2. Нормы права дают должностному лицу возможность выбирать между различными вариантами поведения по своему усмотрению.
3. Нормы права, регулирующие поведение должностного лица, отсутствуют, позволяя ему тем самым вести себя по своему усмотрению. Данный случай тесно связан со второй группой коррупциогенных норм. «Демаркационная линия» разделяет случаи предоставления дискреционных полномочий из благих побуждений (например, относительно определенные альтернативные санкции в административном процессе), и ошибки в нормотворческом процессе, допускающие пробелы права. Данный фактор коррупциогенности будет рассмотрен на примере конфликта интересов в российском законодательстве.
4. Нормы права наделяют должностное лицо либо ведомство правом разрабатывать и принимать нормативные акты. В данной категории рассматривается частный случай «присвоения государства» (state capture). Вообще, присвоение государства представляет из себя покупку процесса нормотворчества (осуществляемого как законодательной, так и исполнительной властью) заинтересованными лицами. Административные органы «захвачены» в том случае, если они регулируют общественные отношения в узкогрупповых интересах. Концепт «присвоения государства» интересует нас постольку, поскольку закон предусматривает возможность (подчас оформляя её многочисленными отсылочными нормами) «покупки» процесса ведомственного нормотворчества.

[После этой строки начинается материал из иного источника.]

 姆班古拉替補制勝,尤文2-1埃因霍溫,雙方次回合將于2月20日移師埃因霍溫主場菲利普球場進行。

Ниже каждая группа будет рассмотрена более подробно.
2. Завышенные требования нормы права как коррупциогенный фактор
При анализе завышенных требований закона мы будем отталкиваться от следующего набора предположений:
Предположение 1.
Любая норма права накладывает на индивида некие потери (издержки, обременения, ограничения), связанные с подчинением норме права.
Предположение 2.
Чем выше потери, которые связаны с подчинением норме права, тем больше вероятность того, что индивид заплатит за возможность не соблюдать норму права или уменьшение потерь.

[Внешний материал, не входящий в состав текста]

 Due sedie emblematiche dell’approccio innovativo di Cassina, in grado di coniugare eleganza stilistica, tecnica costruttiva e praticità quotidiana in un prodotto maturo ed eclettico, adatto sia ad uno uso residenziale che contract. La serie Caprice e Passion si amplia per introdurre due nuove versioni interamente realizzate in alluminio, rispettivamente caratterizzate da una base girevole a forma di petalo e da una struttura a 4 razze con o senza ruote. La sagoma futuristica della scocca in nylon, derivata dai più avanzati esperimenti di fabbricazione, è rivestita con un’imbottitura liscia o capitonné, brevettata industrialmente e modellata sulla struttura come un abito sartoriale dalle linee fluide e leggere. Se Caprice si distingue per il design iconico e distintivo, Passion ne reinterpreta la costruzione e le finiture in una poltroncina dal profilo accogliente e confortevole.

Вывод из предположений 1 и 2:
Любой закон коррупциогенен, так как он накладывает на индивида либо сообщество индивидов некие потери, связанные с подчинением норме права[10].

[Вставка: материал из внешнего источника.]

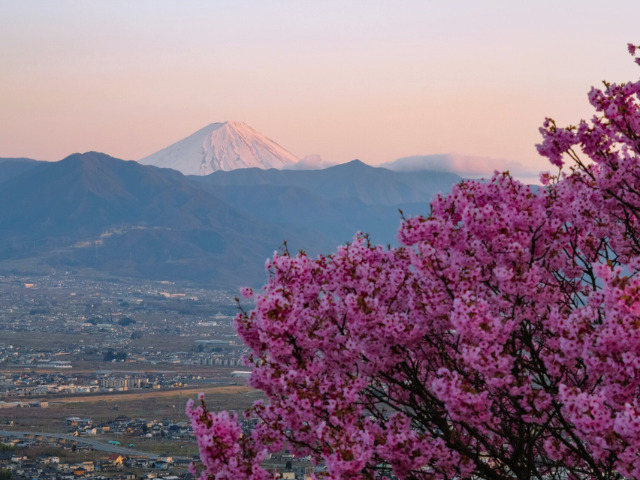 辺り一面が淡いピンク色に染まります。夏から秋にかけては、ぶどうや桃が実りの季節を迎えます。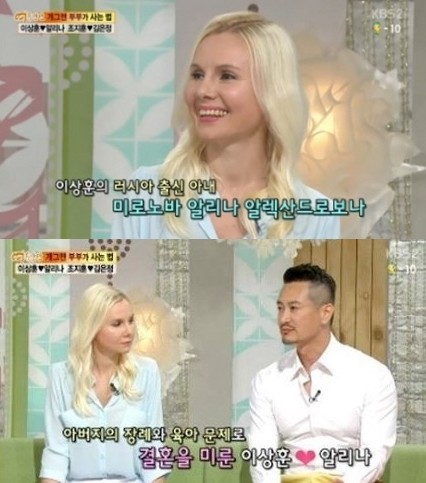 이상훈은 러시아인 아내 알리나를 소개하며 "원래 이름은 미로노바 알리나 알렉산드로보나"라며 "너무 길어서 저도 외우기 힘들다. 평소엔 알리나라고 부른다"고 말했다.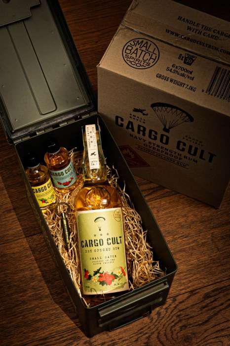 Box obsahuje: Cargo Cult Spiced Rum (0,7 l), miniatura Cargo Cult Banana Spiced Rum, miniatura Cargo Cult Navy Strength Rum, kovový otvírák vetvaru náboje, originální použitá muniční bedna

Из этих предположений очевидно, что для анализа коррупциогенности необходимо разобраться с понятием правового ограничения, которое налагается на индивида. Английский исследователь Jowell связывает понятие правовых ограничений с несовершенством закона. По его мнению «мы должны помнить о том, что сами по себе нормы могут иметь различное содержание. Защитники правил ради правил подчас предполагают, что все правила – это хорошие правила. И действительно, если правила задуманы с тем, чтобы противодействовать недолжному и произвольному поведению, они, может быть, и правы. Однако правила могут навязывать некие ограничения, например, требуя исключения социально незащищенного индивида (безработной женщины) из списков на получение социальной помощи вследствие того, что она проживает совместно с мужчиной… Следовательно, правила могут предполагать нерациональное легалистичное поведение, при котором точность исполнения нормы никак не связана и целями организации»[11].